Thanks in advance, Pedro

brentp commented 5 years ago

fields is only used for VCFs. use, e.g. columns=[5] for tab delimited.

join takes a lua table, then a separator, so you probably want: join({gene_name, AS}, '|') but you may have written your own join function that I don't know about. Yes, you can also use table.concat.

PedroBarbosa commented 5 years ago

:( I'm sure it's something naive that is missing.
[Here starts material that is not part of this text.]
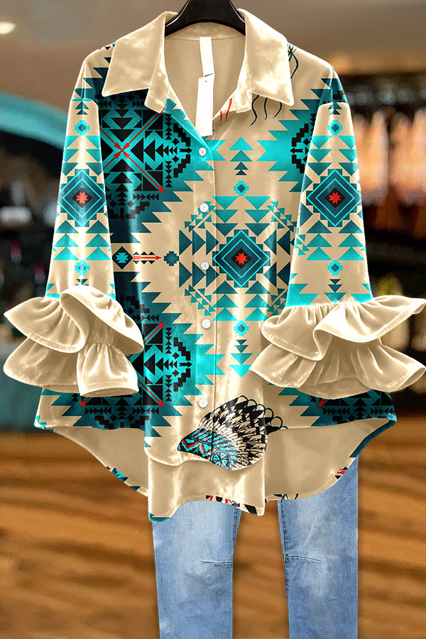 Western Turquoise Aztec Velvet Ruffle Top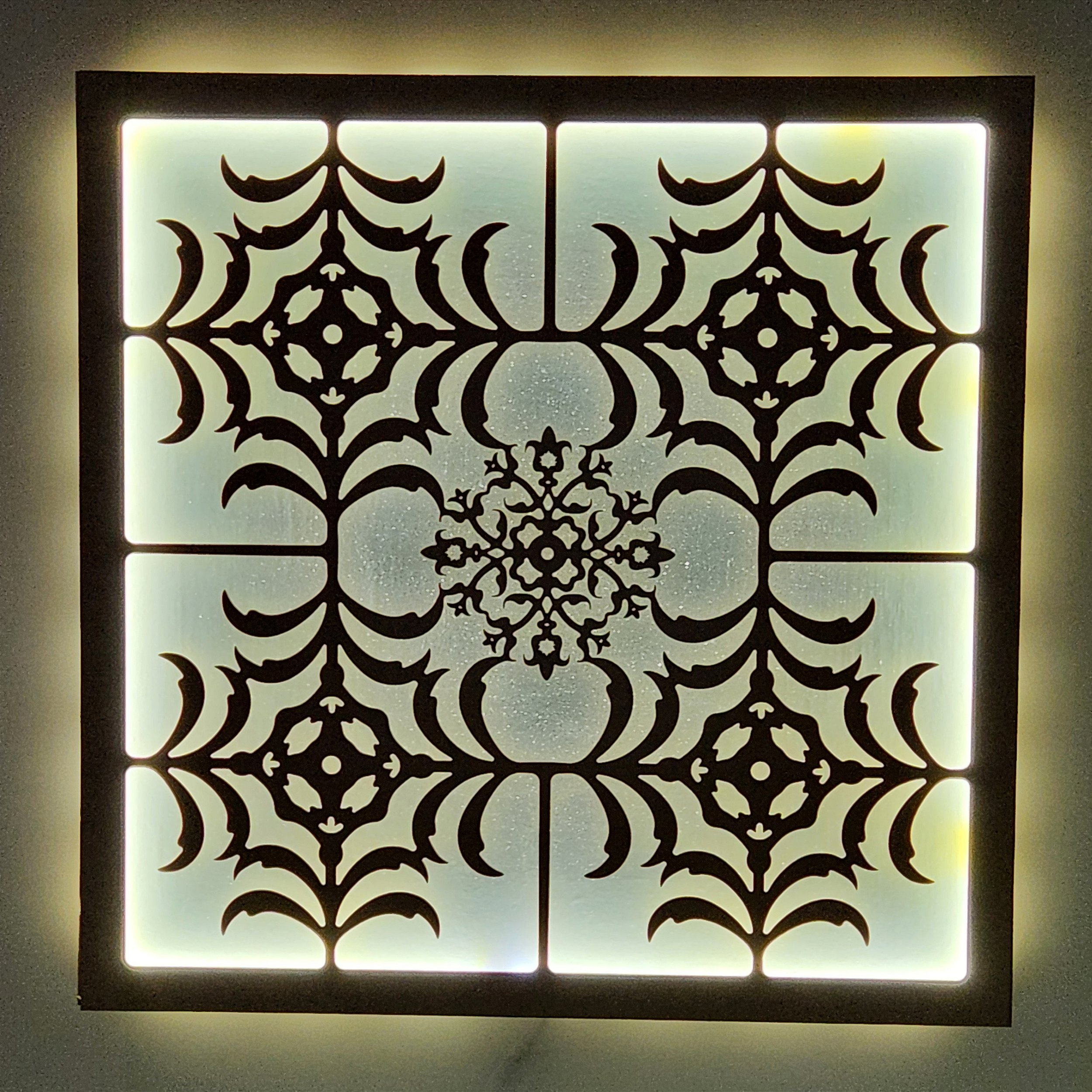 Elaborado no MDF de 3 milímetros com 3,5 centímetros nas bordas, para que a fita led com espessura de 8 milímetros, fique escondida quando colada nas 4 laterais do MDF de 9 milímetros.

fields is only used for VCFs. use, e.g. columns=[5] for tab delimited.

[[annotation]]
file="/mnt/nfs/lobo/IMM-NFS/ensembl_vep/custom_data/traP/traP_v2.txt.gz"
columns=[6]
names=["traP"]
ops=["self"]

Error:

panic: runtime error: invalid memory address or nil pointer dereference
[signal SIGSEGV: segmentation violation code=0x1 addr=0x14 pc=0x552f0e]

goroutine 5 [running]:
github.com/brentp/bix.New(0xc4200187d0, 0x41, 0xc420050f68, 0x1, 0x1, 0x0, 0x0, 0x0)
        /home/brentp/go/src/github.com/brentp/bix/bix.go:101 +0x3ae
github.com/brentp/vcfanno/api.(*Annotator).Setup.func1(0xc42011edd0, 0x1, 0x1, 0xc42011edc0, 0x0, 0xc4200187d0, 0x41)
        /home/brentp/go/src/github.com/brentp/vcfanno/api/api.go:735 +0x1f4
created by github.com/brentp/vcfanno/api.(*Annotator).Setup
        /home/brentp/go/src/github.com/brentp/vcfanno/api/api.go

join takes a lua table, then a separator, so you probably want: join({gene_name, AS}, '|') but you may have written your own join function that I don't know about. Yes, you can also use table.concat.

I tried to write some without success. Right now I'm using the join operation as you suggested:

[[annotation]]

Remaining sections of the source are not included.